*PROBLEM TO WORK ON*
If an entry holds a picture, drop the picture but restate the entry word for word.

____

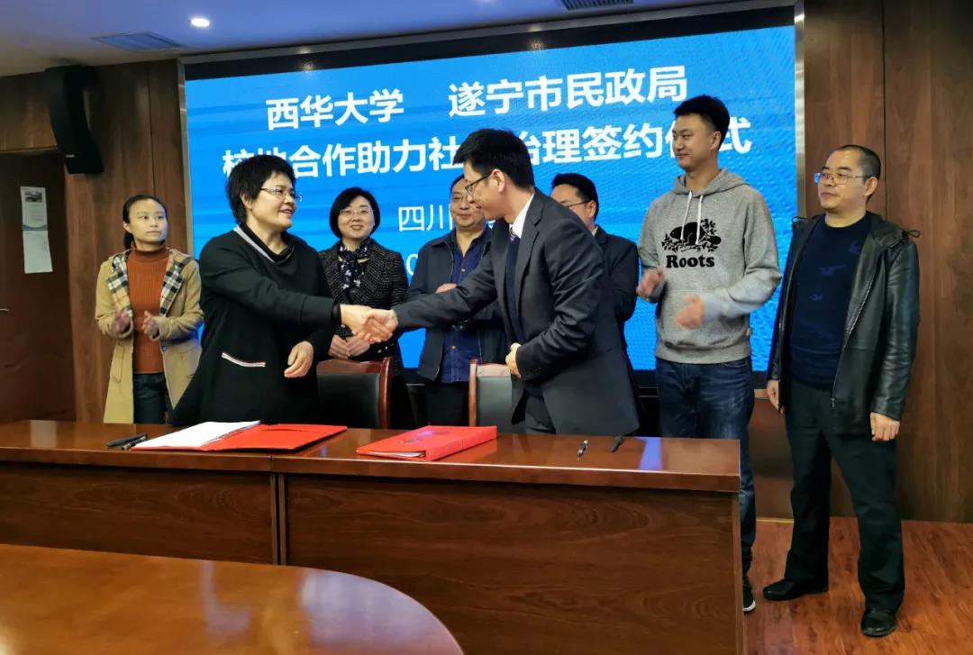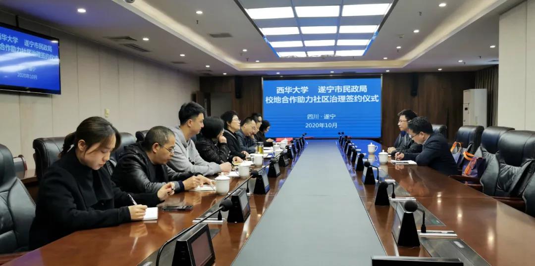 10月29日,遂宁市民政局、西华大学校地合作座谈会及签约仪式在遂宁市河东新区环岛商务中心举行。西华大学社会发展学院副院长冯永泰,遂宁市民政局党组书记、局长冯蓉志分别就合作背景、共建领域、推进机制等作讲话。遂宁市民政局党组成员、市委非公经济和社会组织工委副书记田贵凡主持活动。西华大学社会发展学院硕士生导师苏文明,遂宁市民政局相关业务科室、事业单位负责人参加活动。
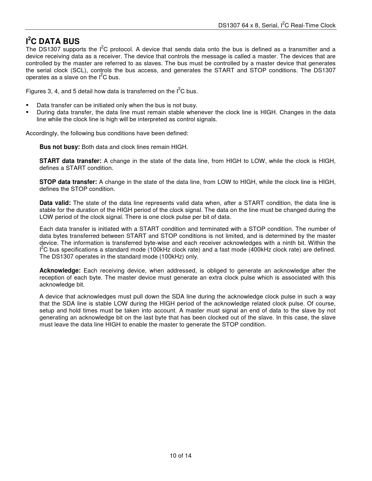 Pages / Page14 / 10 — I2C DATA BUS. Bus not busy:. START data transfer:. STOP data transfer:. …
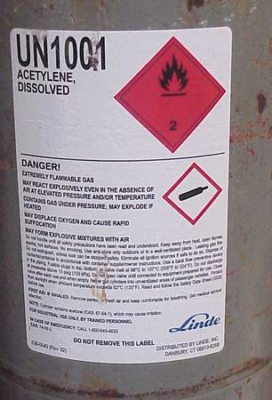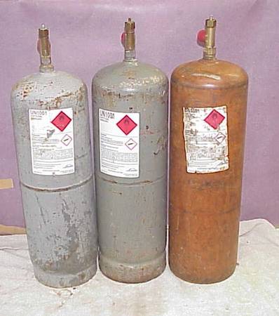 "B" size acetylene cylinder, 40 cubic feet. Fresh fill and good inspection date. Linde brand. Firm at $70 EACH CASH.
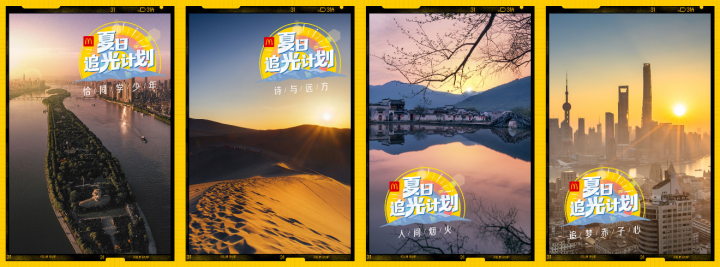 7月6日,麥當勞“夏日追光計劃”從西安大雁塔出發(fā),來到長沙橘子洲頭,領(lǐng)略“恰同學少年”的意氣風發(fā)。從敦煌、漠河,到青海湖和張掖,一起尋找“詩與遠方”??缭角鄭u、杭州、福州、大連、蘇州和平遙,看遍“人間煙火”。在廣州小蠻腰和深圳東門,感受“追夢赤子心”。為期28天的追光之旅,暖心浪漫的麥當勞為大家搜集不同城市的日出,并用四個主題串起28地。敬請關(guān)注麥當勞嗶哩嗶哩(B站)帳號,鎖定連續(xù)28天的直播,也可以訪問麥當勞官方網(wǎng)站觀看每天日出的精華視頻。
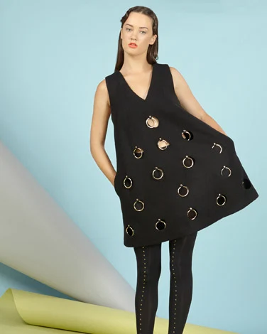 What Hynes brings to the Dunnes portfolio is a true taste of high-end, aspirational fashion, but at an affordable price. Her signature look, with its bold shapes, statement embellishment and unconventional fabrics (neoprene has a strong presence), brings something completely fresh to the Dunnes designer range. We love Paul Costelloe for his classic tailoring and elegant knits, but Hynes’s pieces are catwalk-worthy, and there’s something very exciting about being able to find that kind of high-end fashion in your local Dunnes Stores. She has also very cleverly created a collection that can be worn by women from 25 to 55 – it’s all in the styling, and Hynes has?created a capsule collection of beautiful accessories to accompany?the clothes.
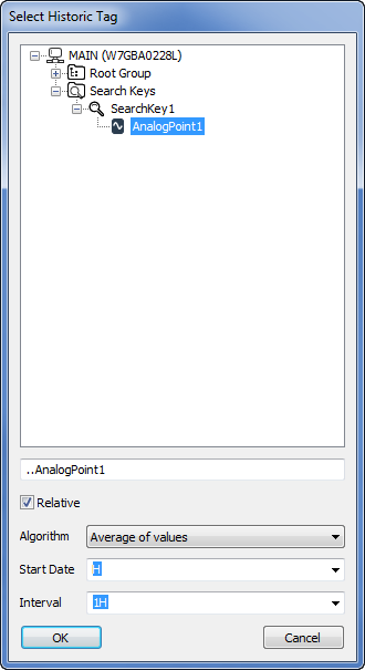 When you select a search key in the Select Historic Tag window, you can define which historic values you want to use, and what calculation you want ClearSCADA to perform on them. To do this, you can use the Algorithm field to choose the type of calculation, the Start Date to define the earliest value you want to use and the Interval to define the entire range of historic values to be used. For example, if you select a search key named HisAVE and select Average of Values for the Algorithm, H as the Start Date and 1H as the Interval, the expression will return the average value of the item that has HisAVE as its value for the search key. The average value will be calculated using the historic values from the start of the current hour up to the end of the current hour.
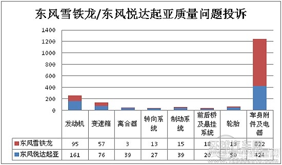 從質量問題上來看,東風雪鐵龍和東風悅達起亞,主要投訴問題都集中在車身附件及電器部分中,顯然雪鐵龍投訴量要更多一些;而除車身附件及電器部分外,其余各項東風悅達起亞投訴量均高于東風雪鐵龍。可見,東風雪鐵龍的投訴問題更為集中,共性問題的存在更為明顯;而起亞多個部分投訴都有涉及,說明出共性問題外,整體質量可靠性相比較而言有所不足。

____

*EXERCISE RESPONSE*
 10月29日,遂宁市民政局、西华大学校地合作座谈会及签约仪式在遂宁市河东新区环岛商务中心举行。西华大学社会发展学院副院长冯永泰,遂宁市民政局党组书记、局长冯蓉志分别就合作背景、共建领域、推进机制等作讲话。遂宁市民政局党组成员、市委非公经济和社会组织工委副书记田贵凡主持活动。西华大学社会发展学院硕士生导师苏文明,遂宁市民政局相关业务科室、事业单位负责人参加活动。
 Pages / Page14 / 10 — I2C DATA BUS. Bus not busy:. START data transfer:. STOP data transfer:. …
 "B" size acetylene cylinder, 40 cubic feet. Fresh fill and good inspection date. Linde brand. Firm at $70 EACH CASH.
 7月6日,麥當勞“夏日追光計劃”從西安大雁塔出發(fā),來到長沙橘子洲頭,領(lǐng)略“恰同學少年”的意氣風發(fā)。從敦煌、漠河,到青海湖和張掖,一起尋找“詩與遠方”??缭角鄭u、杭州、福州、大連、蘇州和平遙,看遍“人間煙火”。在廣州小蠻腰和深圳東門,感受“追夢赤子心”。為期28天的追光之旅,暖心浪漫的麥當勞為大家搜集不同城市的日出,并用四個主題串起28地。敬請關(guān)注麥當勞嗶哩嗶哩(B站)帳號,鎖定連續(xù)28天的直播,也可以訪問麥當勞官方網(wǎng)站觀看每天日出的精華視頻。
 What Hynes brings to the Dunnes portfolio is a true taste of high-end, aspirational fashion, but at an affordable price. Her signature look, with its bold shapes, statement embellishment and unconventional fabrics (neoprene has a strong presence), brings something completely fresh to the Dunnes designer range. We love Paul Costelloe for his classic tailoring and elegant knits, but Hynes’s pieces are catwalk-worthy, and there’s something very exciting about being able to find that kind of high-end fashion in your local Dunnes Stores. She has also very cleverly created a collection that can be worn by women from 25 to 55 – it’s all in the styling, and Hynes has?created a capsule collection of beautiful accessories to accompany?the clothes.
 When you select a search key in the Select Historic Tag window, you can define which historic values you want to use, and what calculation you want ClearSCADA to perform on them. To do this, you can use the Algorithm field to choose the type of calculation, the Start Date to define the earliest value you want to use and the Interval to define the entire range of historic values to be used. For example, if you select a search key named HisAVE and select Average of Values for the Algorithm, H as the Start Date and 1H as the Interval, the expression will return the average value of the item that has HisAVE as its value for the search key. The average value will be calculated using the historic values from the start of the current hour up to the end of the current hour.
 從質量問題上來看,東風雪鐵龍和東風悅達起亞,主要投訴問題都集中在車身附件及電器部分中,顯然雪鐵龍投訴量要更多一些;而除車身附件及電器部分外,其余各項東風悅達起亞投訴量均高于東風雪鐵龍。可見,東風雪鐵龍的投訴問題更為集中,共性問題的存在更為明顯;而起亞多個部分投訴都有涉及,說明出共性問題外,整體質量可靠性相比較而言有所不足。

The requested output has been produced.